I have an application where I read csv files and do some transformations and then push them to elastic search from spark itself. Like this
input.write.format("org.elasticsearch.spark.sql")
.mode(SaveMode.Append)
.option("es.resource", "{date}/" + type).save()
I have several nodes and in each node, I run 5-6 spark-submit
commands that push to elasticsearch
I am frequently getting Errors
Could not write all entries [13/128] (Maybe ES was overloaded?).
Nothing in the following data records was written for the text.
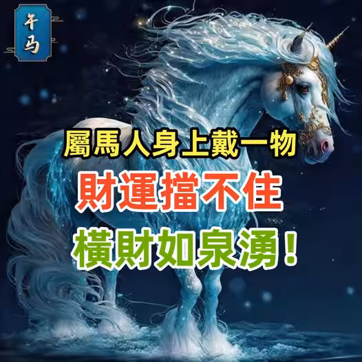 屬馬人身上戴一物,運勢一路走高,財運擋不住,橫財如泉涌
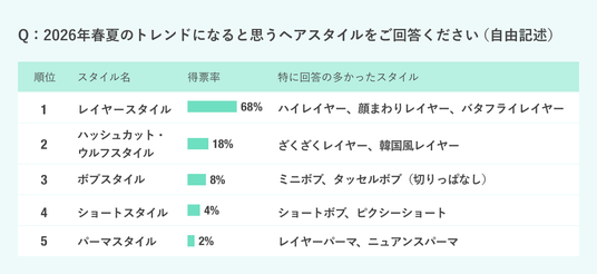 また、昨年は「重めスタイル」や「まとまりのあるボブ」も上位にランクインしていましたが、2026年春夏は韓国トレンドやY2Kブームの影響を受け、「ハッシュカット」や「ウルフスタイル」が第2位に浮上しました。
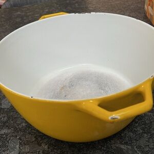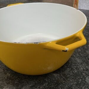This is a great vintage set of Copco 6L Yellow and 2L Brown Cast Iron Pots with Lids. The larger yellow pot shows scratches and chips, but still excellent cooking quality. 14” x 5.5”. The brown pot does not show any chips, but some scuffs. 10.5” x 4”
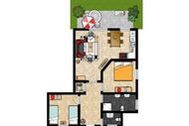Im Schlafzimmer finden Sie ein breites Doppelbett sowie einen geräumigen Schrank vor, das Gäste-/ Kinderzimmer ist mit zwei Einzelbetten und ebenfalls einem Kleiderschrank ausgestattet.
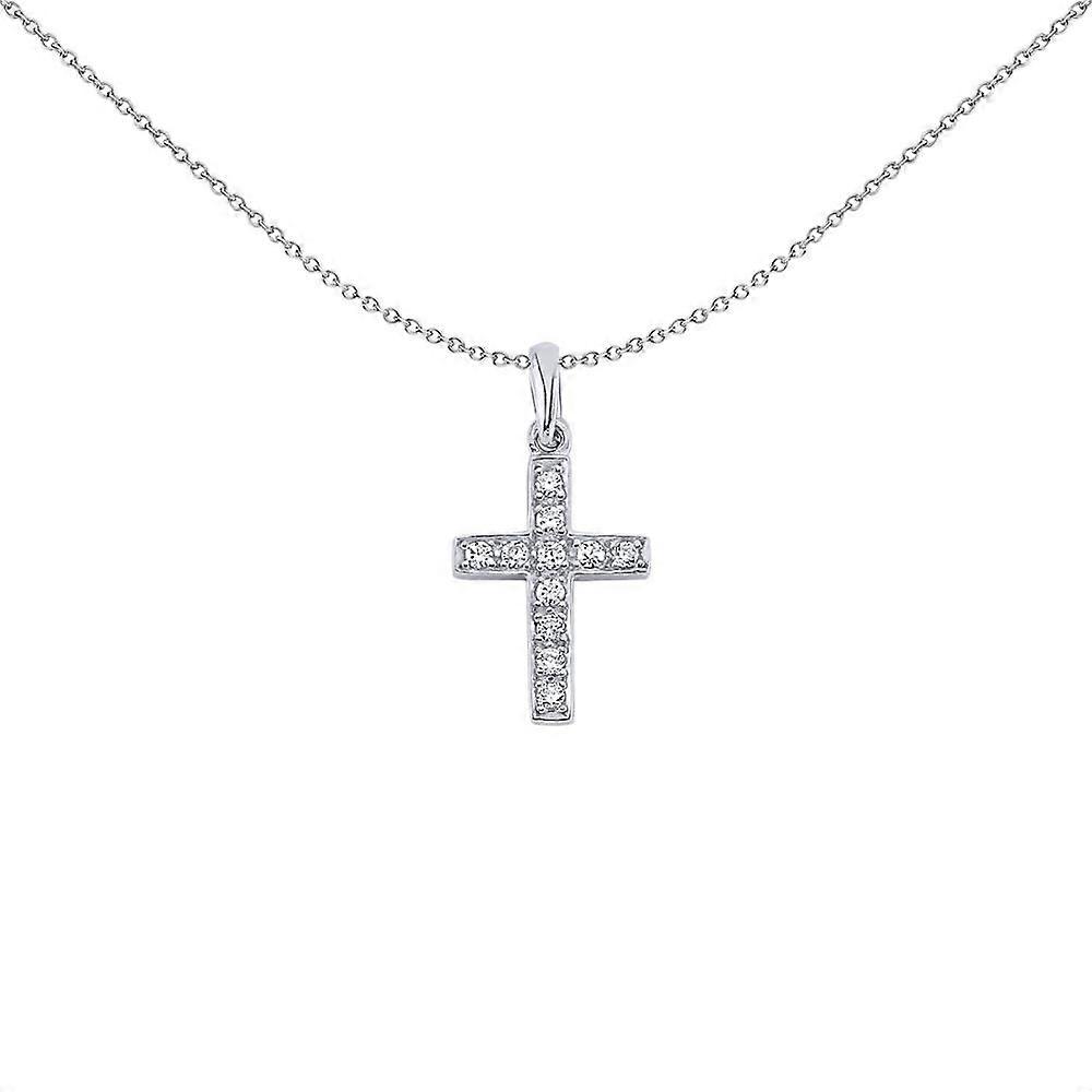Jewelco London Ladies Sterling Silver Cubic Zirconia Pave Cross Pendant Necklace 18 inch
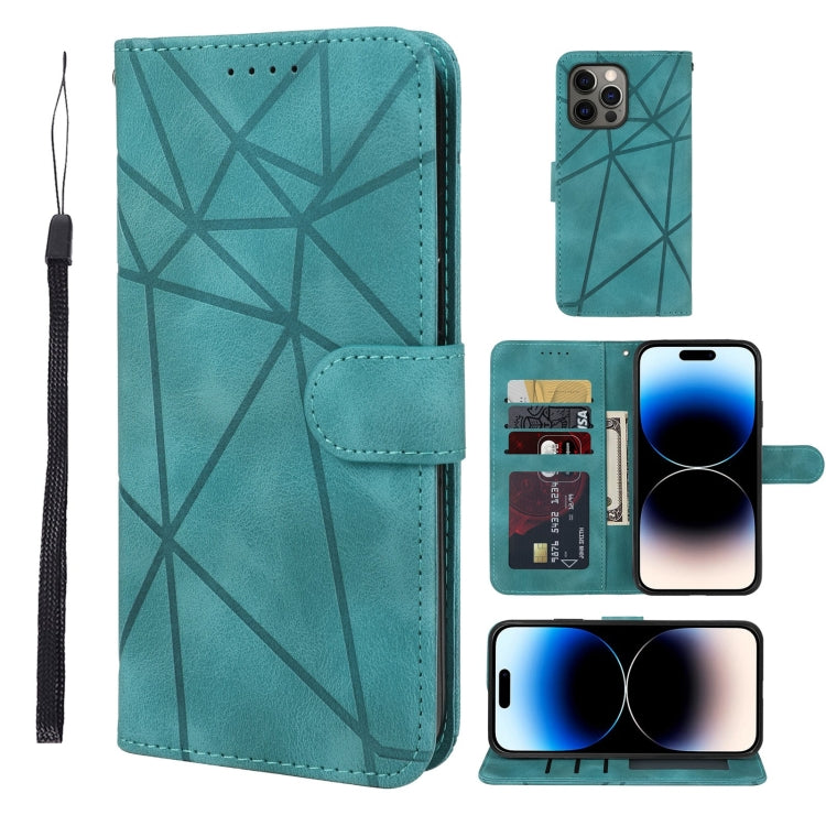 Funda para teléfono iPhone 14 Pro Skin Feel de cuero con líneas geométricas (Azul)
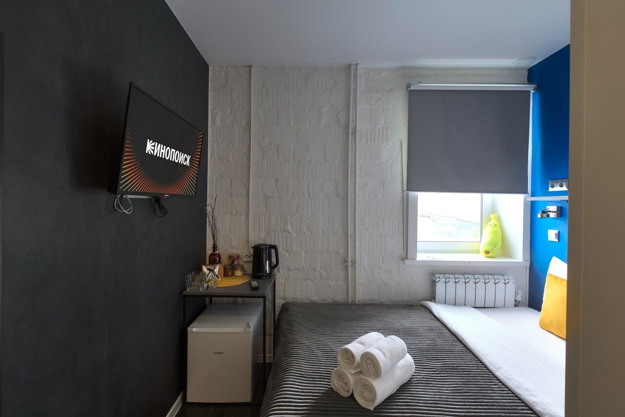 Просторный номер в спокойных тонах площадью 11 кв.м. В номере 1 двуспальная кровать. Проживание рассчитано для 1-2 человек.
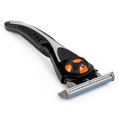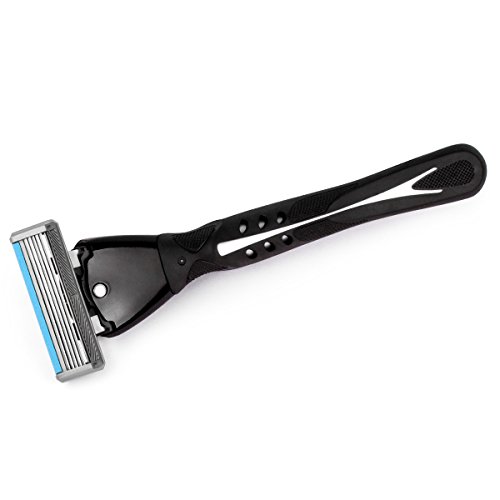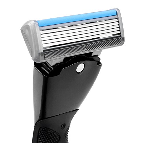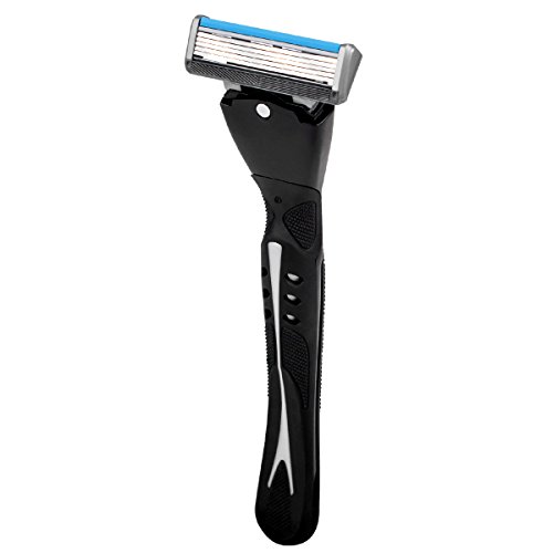QSHAVE Black Series Manual Men's Shaving Razor Made in Germany with X5 Blade (5-Blade) Replacement Cartridges/Refills (1 Razor + 2 Cartridges)

Error sample (first [5] error messages):
rejected execution of org.elasticsearch.transport.TransportService$7@32e6f8f8 on EsThreadPoolExecutor[bulk, queue capacity = 200, org.elasticsearch.common.util.concurrent.EsThreadPoolExecutor@4448a084[Running, pool size = 4, active threads = 4, queued tasks = 200, completed tasks = 451515]]
My Elasticsearch cluster has following stats -
Nodes - 9 (1TB space,
Ram >= 15GB ) More than 8 cores per node
I have modified following parameters for elasticseach
spark.es.batch.size.bytes=5000000
spark.es.batch.size.entries=5000
spark.es.batch.write.refresh=false
Could anyone suggest, What can I fix to get rid of these errors?